Minimize \(f(\mathbf x) = x_1^4 + \exp(3x_1+x_2)\) on the circle \(x_1^2 + x_2^2 = 1\) using the Lagrange multiplier method.
Solution.
The code is similar to Example 32.2.1 but with more complicated gradient and Hessian. To avoid notational confusion, it uses
x for the vector \((x_1, x_2)\) and v for the vector \((x_1, x_2, \lambda)\text{.}\) The functions Fg and Fh below are the gradient and Hessian of the function
\begin{equation*}
F(x_1, x_2, \lambda) = x_1^4 + \exp(3x_1+x_2) - \lambda (x_1^2 + x_2^2 - 1)
\end{equation*}
We equate
Fg to zero vector, and use Fh according to Newton’s method.f = @(x) x(1)^4 + exp(3*x(1)+x(2));
Fg = @(v) [4*v(1)^3 + 3*exp(3*v(1) + v(2)) - v(3)*(2*v(1)); ...

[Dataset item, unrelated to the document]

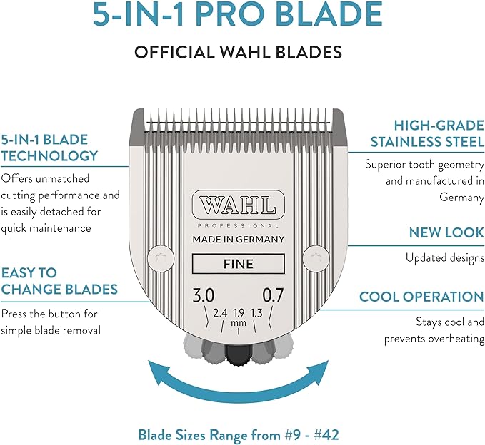 WAHL Professional Animal 5-in-1 Adjustable Blade Arco, Bravura, Chromado, Creativa, Figura, and Motion Pet, Dog, and Horse Clippers - Fine (2179-301)

exp(3*v(1) + v(2)) - v(3)*(2*v(2)); ...
-(v(1)^2 + v(2)^2 - 1)];
Fh = @(v) [12*v(1)^2 + 9*exp(3*v(1) + v(2)) - v(3)*2, 3*exp(3*v(1) + v(2)), -(2*v(1)); ...
3*exp(3*v(1) + v(2)), exp(3*v(1) + v(2)) - v(3)*2, -(2*v(2)); ...
-2*v(1), -2*v(2), 0];
v = randn(3, 1);
max_tries = 10000;
for k=1:max_tries
dv = -Fh(v)\Fg(v);
v = v + dv;
if norm(dv) < 1e-6
break
end
end
x = v(1:2);
if k < max_tries
fprintf('Found x = (%g, %g) with f(x) = %g after %d steps\n', x, f(x), k);
else
disp('Failed to converge')
end
The method converges quickly and the point it finds satisfies to constraint. But this point is often a maximum rather than a minimum of the function. As usual with Newton’s method, the situation can be improved by running a rough search algorithm first, just to locate a good starting point.